Your reply should reproduce each line below exactly and carry none of the pictures.

● DATASET CONTENT:

───

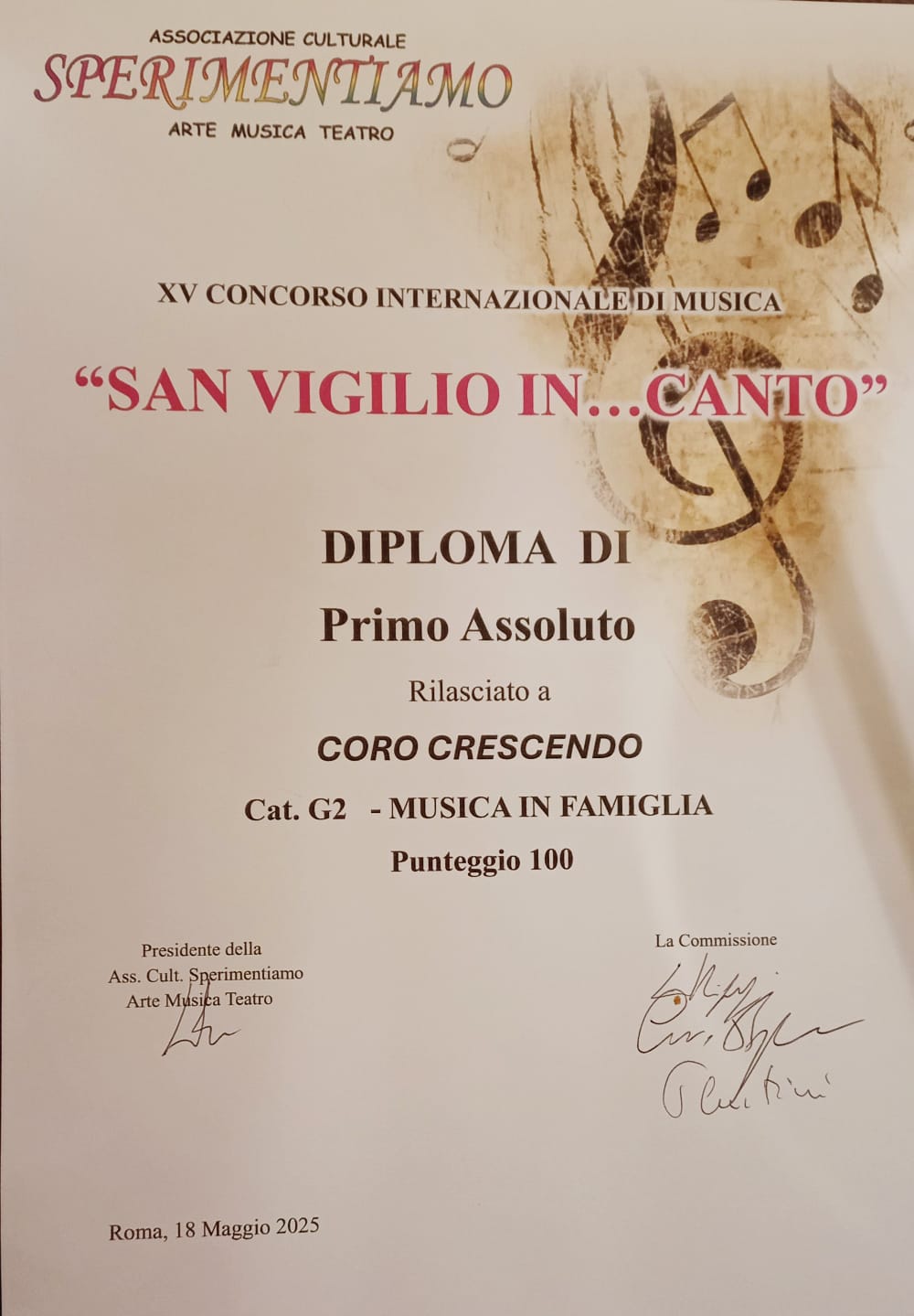*PRIMO PREMIO* con 97/100 al Coro Crescendo & Cor Unum nella cat. E2 / Cori Scolastici;
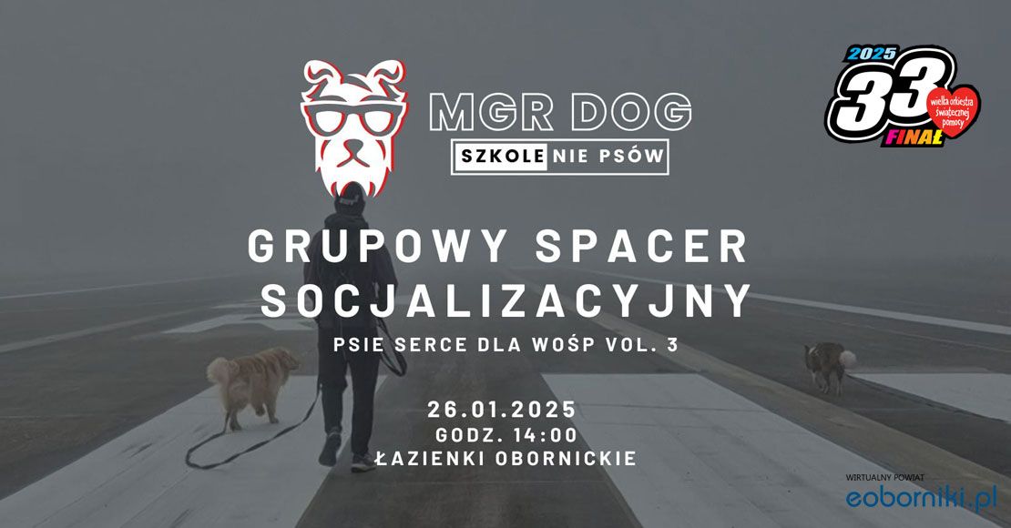 Spacer jest częścią już 3 edycji wydarzenia Psie Serce dla WOŚP. Spacer socjalizacyjny to doskonała okazja do rozwijania kompetencji społecznych psiaków, dlatego zachęcamy Was do uważnego obserwowania swoich psów. Trasa spaceru to ok. 3 km w lesie za Azorkiem w Obornikach! Jest to część wydarzenia PSIE SERCE, które rozpocznie się na obornickich Łazienkach, 26.01.2025 o godzinie 13:00.
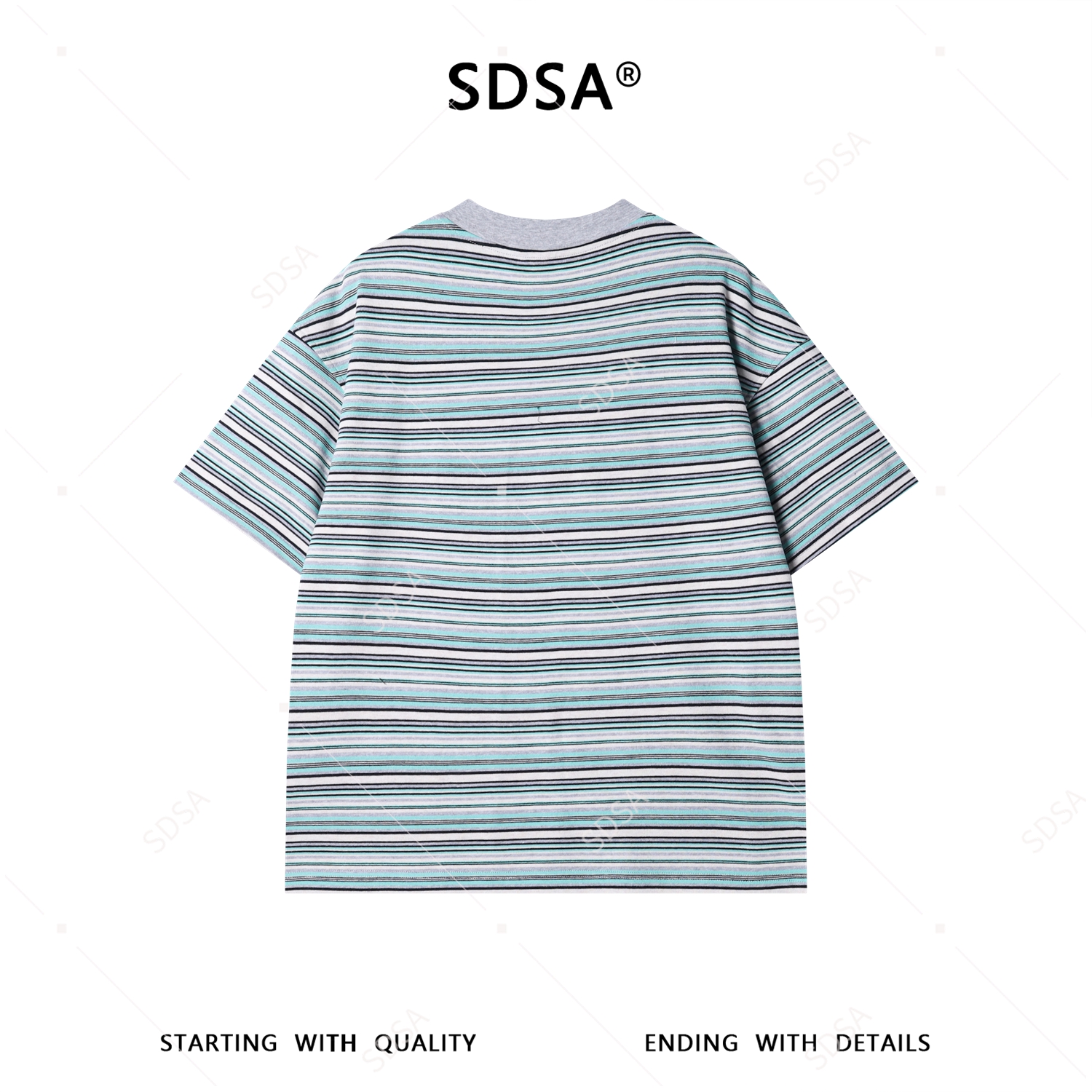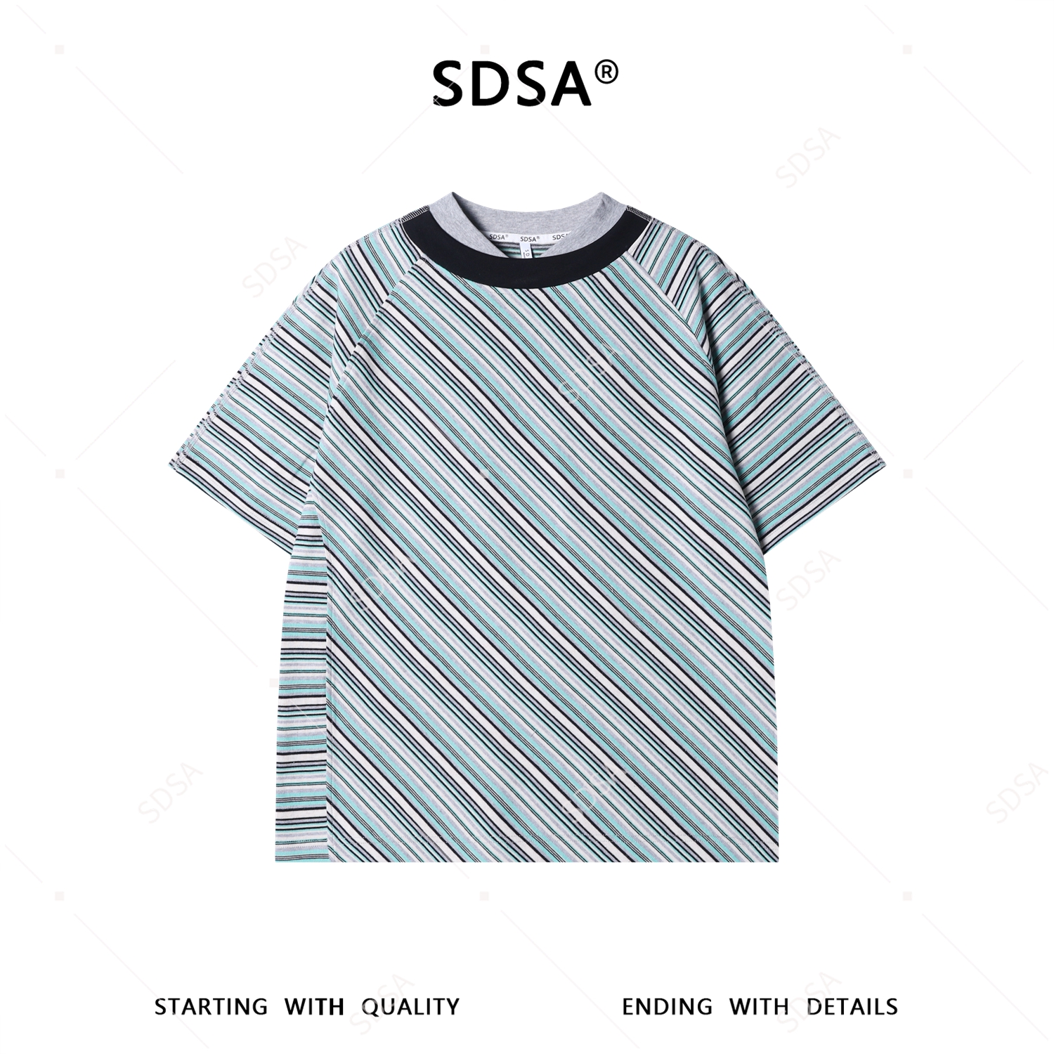 SDSA男装2026新款轻奢老钱风简约撞色斜纹短袖T恤领口拼接百搭

───

● EXPECTED OUTPUT:
*PRIMO PREMIO* con 97/100 al Coro Crescendo & Cor Unum nella cat. E2 / Cori Scolastici;
 Spacer jest częścią już 3 edycji wydarzenia Psie Serce dla WOŚP. Spacer socjalizacyjny to doskonała okazja do rozwijania kompetencji społecznych psiaków, dlatego zachęcamy Was do uważnego obserwowania swoich psów. Trasa spaceru to ok. 3 km w lesie za Azorkiem w Obornikach! Jest to część wydarzenia PSIE SERCE, które rozpocznie się na obornickich Łazienkach, 26.01.2025 o godzinie 13:00.
 SDSA男装2026新款轻奢老钱风简约撞色斜纹短袖T恤领口拼接百搭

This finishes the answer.